### YOUR TASK:
Reproduce each line, exactly, from the one containing "أجراس عيد الميلاد Zsail" through the end of the material. Exclude pictures.

### RAW DATA:

□ □ □

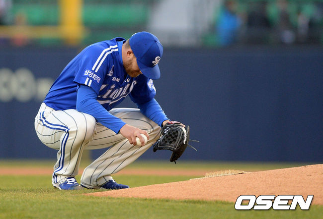 3일 오후 서울 잠실야구장에서 열린 '2015 타이어뱅크 KBO 리그' LG 트윈스와 삼성 라이온즈의 경기, 1회말 삼성 클로이드가 마운드에 올라 생각에 잠겨 있다.
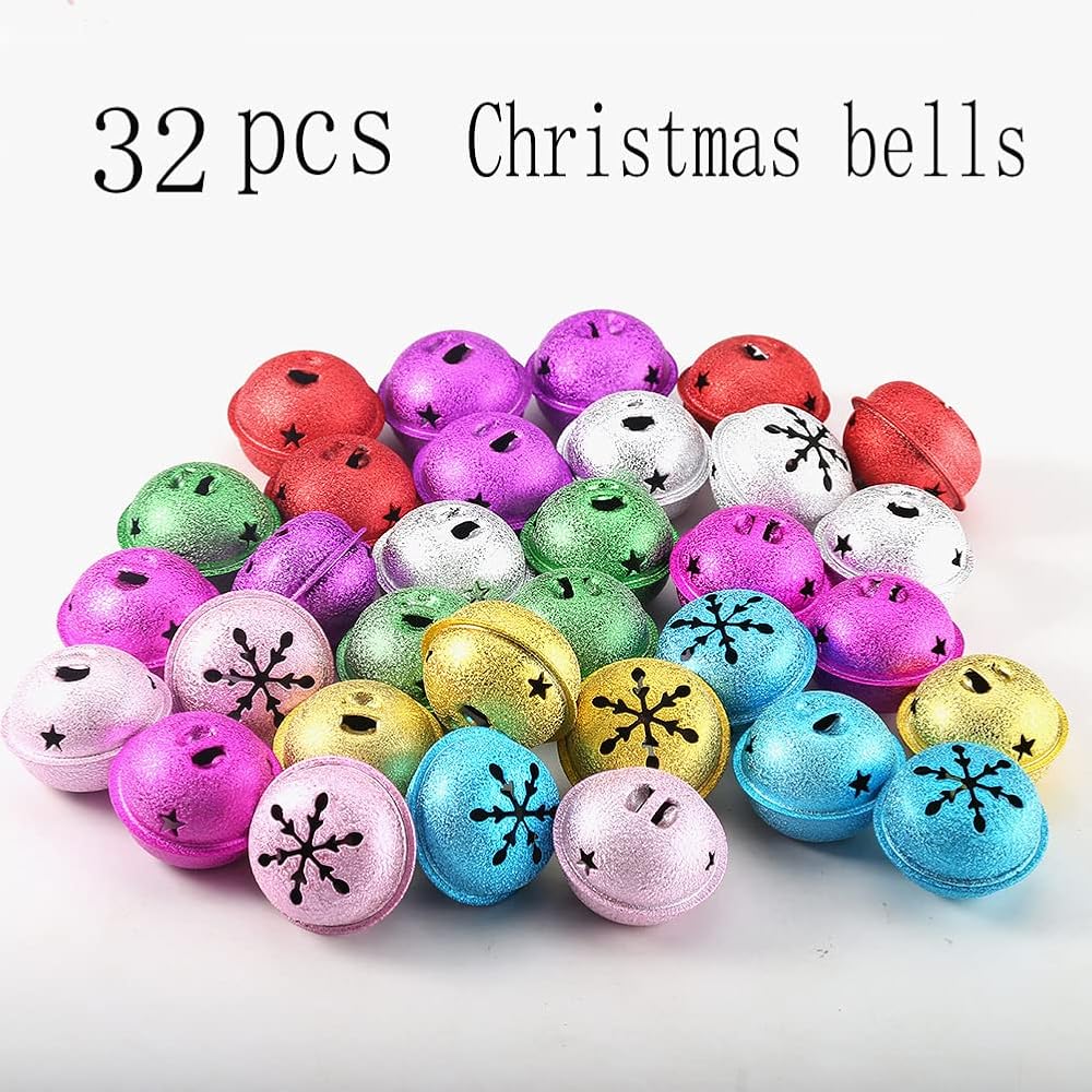 أجراس عيد الميلاد Zsail 32 قطعة أجراس جلجل مع قطع ندفة الثلج 1.6 بوصة/ 40 مم أجراس عيد الميلاد الحرفية لأشجار عيد الميلاد وديكورات المنزل (اللون-A)
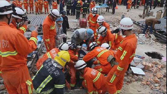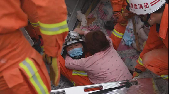 8時41分,消防指戰員從倒塌的承重柱縫隙救出1名被埋人員。 9時09分,在碎石中用手刨出了1名被埋人員……

□ □ □

### EXERCISE RESULT:
 أجراس عيد الميلاد Zsail 32 قطعة أجراس جلجل مع قطع ندفة الثلج 1.6 بوصة/ 40 مم أجراس عيد الميلاد الحرفية لأشجار عيد الميلاد وديكورات المنزل (اللون-A)
 8時41分,消防指戰員從倒塌的承重柱縫隙救出1名被埋人員。 9時09分,在碎石中用手刨出了1名被埋人員……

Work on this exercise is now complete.